Similarly, the notions of workplace, educational and training establishments must be interpreted broadly. There is also room for member states to introduce regulations that are more favorable to workers with regard to the use of AI systems by employers.
It also clarifies that authorized therapeutic uses include the use of CE marked medical devices and that the notion of safety is limited to the protection of life and health and not to other interests such as property.
- Biometric Categorization for certain “Sensitive” Characteristics (Article 5(1)(g) AI Act)
This prohibition is for biometric categorization (except where purely ancillary to another commercial service and strictly necessary for objective technical reasons) that individually categorize natural persons on the basis of their biometric data to deduce or infer their race, political opinions, trade union membership, religious or philosophical beliefs, sex life or sexual orientation.The European Commission clarifies that this prohibition, however, does not cover the labelling or filtering of lawfully acquired biometric datasets (such as images), including for law enforcement purposes (for instance, to guarantee that data equally represents all demographic groups).
- Real-time Remote Biometric Identification (RBI) Systems for Law Enforcement Purposes (Article 5(1)(h) AI Act)
The European Commission devotes a substantial part of the CGPAIP to the development of this prohibited practice, which refers to the use of real-time RBI systems in publicly accessible areas for law enforcement purposes.
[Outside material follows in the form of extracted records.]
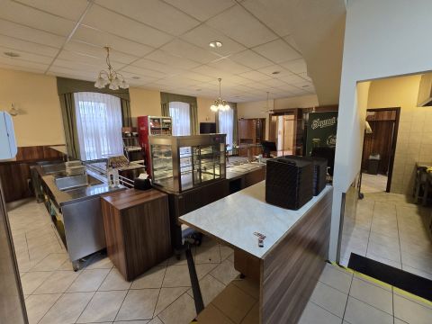 közvetlen utcafrontos, két nagyobb helyiséggel, valamint több kisebb helyiséggel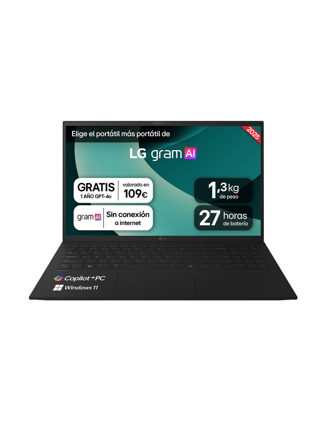 Con una batería de alta capacidad de hasta 27 horas y nuestro asistente inteligente AI, gram se adapta a tu entorno y ofrece un rendimiento optimizado durante más horas. Aumenta tu productividad y disfruta de un trabajo sin interrupciones.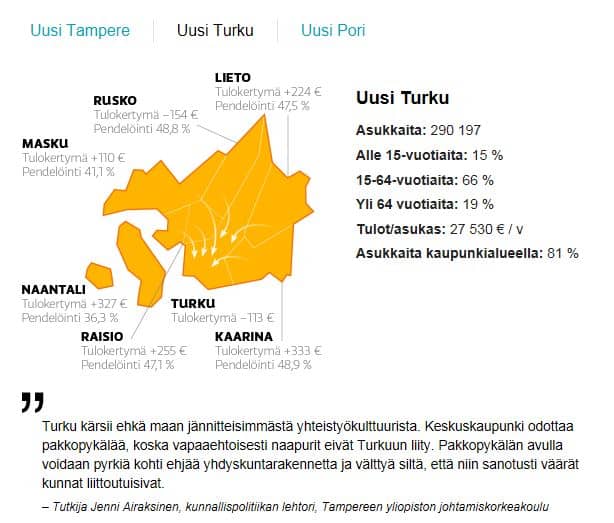 Ylen tekstissäkin kerrotaan: ”Monesti liitosseudut ovat tehneet yhteistyötä jo ennen rajojen poistamista. VATT:n mukaan hyödyt on voitu ulosmitata jo ennen liitosta.”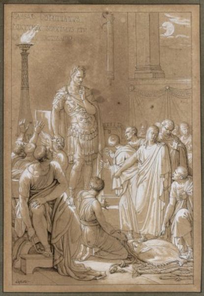 | Pen and black ink, gray wash, white gouache, black crayon | |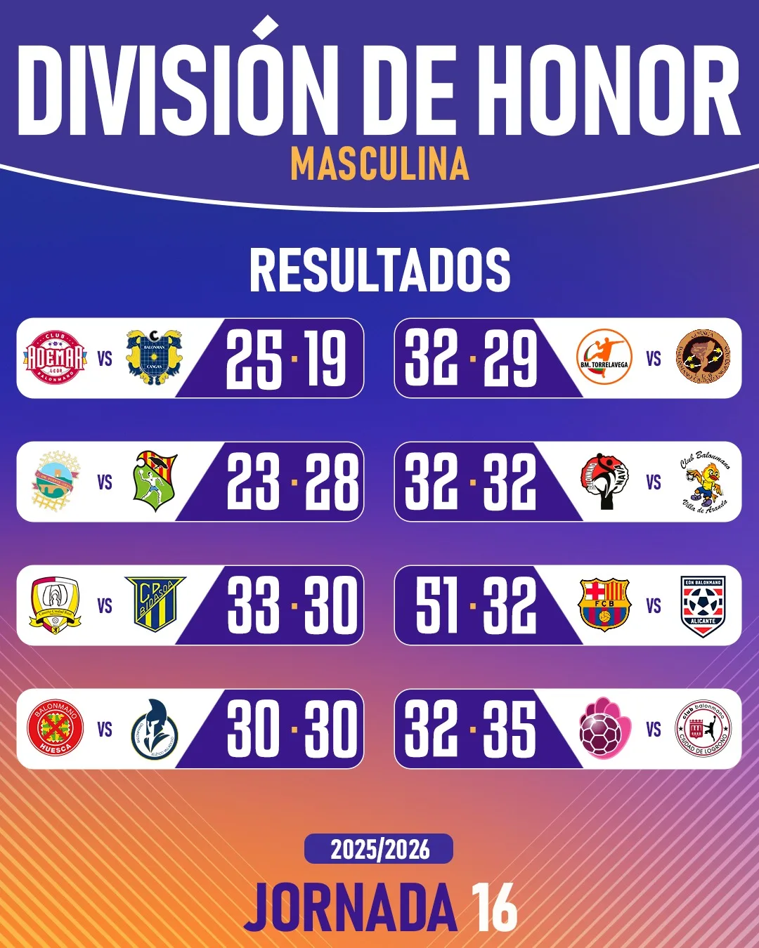 16 equipos buscarán alzarse con el título de campeón de la División de Honor Masculina en la temporada 2025/2026.  El Barça defiende el título de campeón.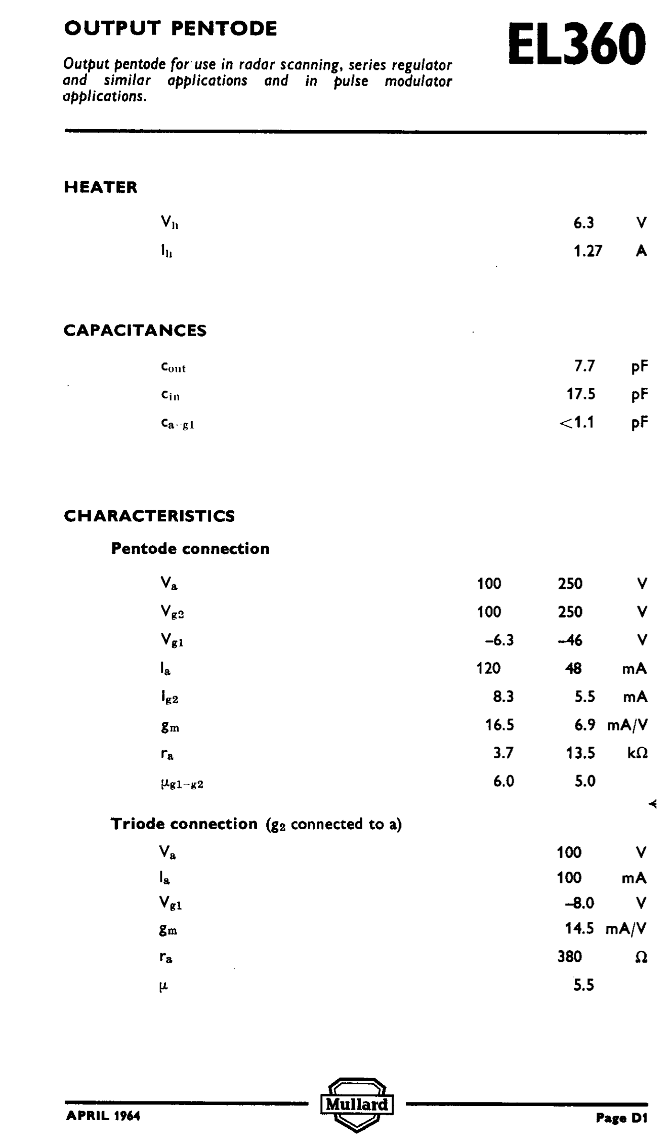 EL360, MULLARD, NOS, NIB, 11E14, CV5830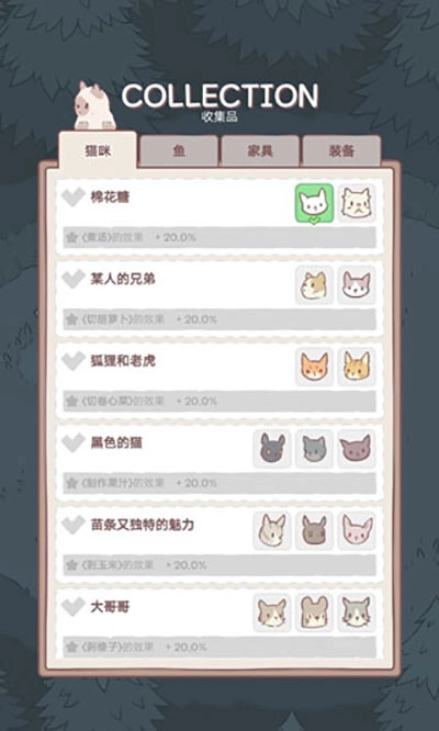 4、在收藏品里,能够看到已解锁的猫咪以及各类物品。

Exceptions, based on the public interest, are to be determined by the member states, through local legislation.
The CGPAIP concludes with a final section on safeguards and conditions for the application of the exemptions to the prohibited practices, including the conduct of Fundamental Rights Impact Assessments (FRIAs), which are defined as assessments aimed at identifying the impact that certain high-risk AI systems, including RBI systems, may have on fundamental rights, and which, it is clarified, do not replace the existing Data Protection Impact Assessment (DPIA) that data controllers (i.e., those responsible for processing personal data) must conduct and have a broader scope (covering not only the fundamental right to data protection but also all other fundamental rights of individuals) and which complement, inter alia, the required DPIA, the registration of the system or the need for prior authorization.